For Red Map, I thought, what if I rethink that embroidery vocabulary as quilting (holding multiple layers of fabric together) rather than embellishing a single layer of fabric? Suddenly it made sense. Nearly every stitch in Red Map is both structural AND decorative.

One of my embroidery teachers is Darci Lenker, an amazing artist I have the pleasure of knowing here in Oklahoma. Check out her website here and her Instagram here. Last summer I took Darci's class on visible mending. She's an excellent teacher, so follow her to find out about her upcoming classes!

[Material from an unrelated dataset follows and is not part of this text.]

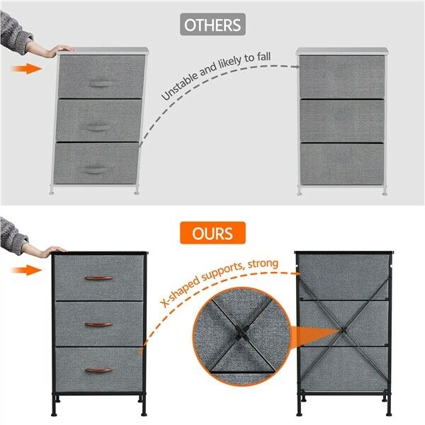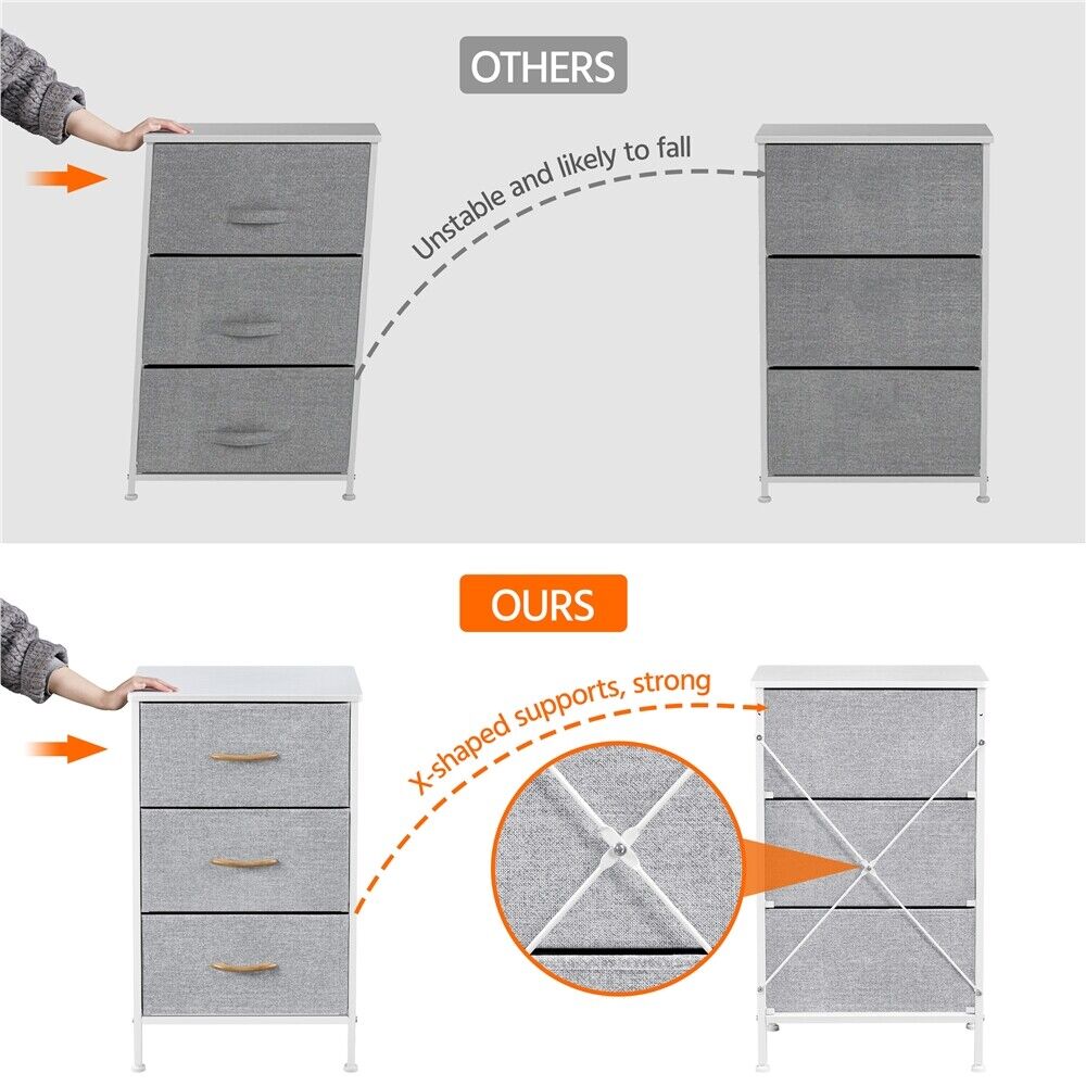 Chest of Drawers Fabric Vertical Dresser with 3 Drawers, Bedroom Storage Units

Red Map: In or Out of the Hoop?

Detail of Red Map, a hand stitched quilt by Sarah Atlee, shown here in progress using a quilting hoop.


I tried to work on Red Map using a quilting hoop. I've attempted to use a hoop with several quilts in the past. I've determined that it's not my cup of tea. I find it too restrictive. I like to hold a quilt in my hands so I can manipulate it at will, whether I'm stitching straight lines or other shapes.

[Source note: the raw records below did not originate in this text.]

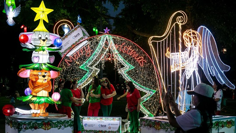 Warga berfoto dengan latar belakang dekorasi hiasan lampion bertema Natal di kawasan Balai Kota, Solo, Jawa Tengah, Senin (15/12/2025). ANTARA FOTO /MOHAMMAD AYUDHA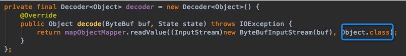 redisson结合Spring使用时,会有RedissonSpringCacheManager,将redissonClient自动注入,另外还有codec的概念,即序列化和反序列化,可以查看实现类,就几种实现,假设我们使用org.redisson.codec.JsonJacksonCodec,可以看到,decode中,仅一个Object.class,即范型信息并未带入,故出现了问题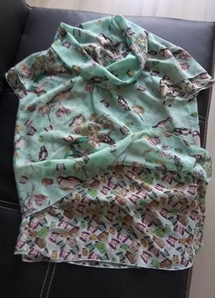 Легкая шифоновая блузка, без застежки, свободный крой. В два слоя, комбинация различных принтов. Длина по спинке 58, ширина на уровне проймы 94, по низу 102.

Detail of Red Map, a hand stitched quilt by Sarah Atlee. Red thread on white pillowcase, 2025.


Crunch Time

The last phase of creating Red Map was a sprint to meet a deadline. I'd like to thank Shogun and Game of Thrones for helping me through that last leg.

Predictably, I ran out of the red thread I had started with. Like, three days before the piece was due. So I visited every craft store in my area in the hopes of finding a good (not perfect) match. Many thanks to Nine Banded Crafts, Woven Thread, Stitch Society, Trove, and Bernina of Oklahoma City for helping me find replacement thread. (I settled on Wonderfil Spagetti in SP01 red.)

Detail of Red Map, a hand stitched quilt by Sarah Atlee. Red thread on white pillowcase, 2025.

A GIF For Those Who Read This Far

Animated image of a cartoon person walking left to right holding a red thread as it unravels.


Actual footage of me delivering Red Map for the show. Source

Thanks for reading, we'll chat again soon!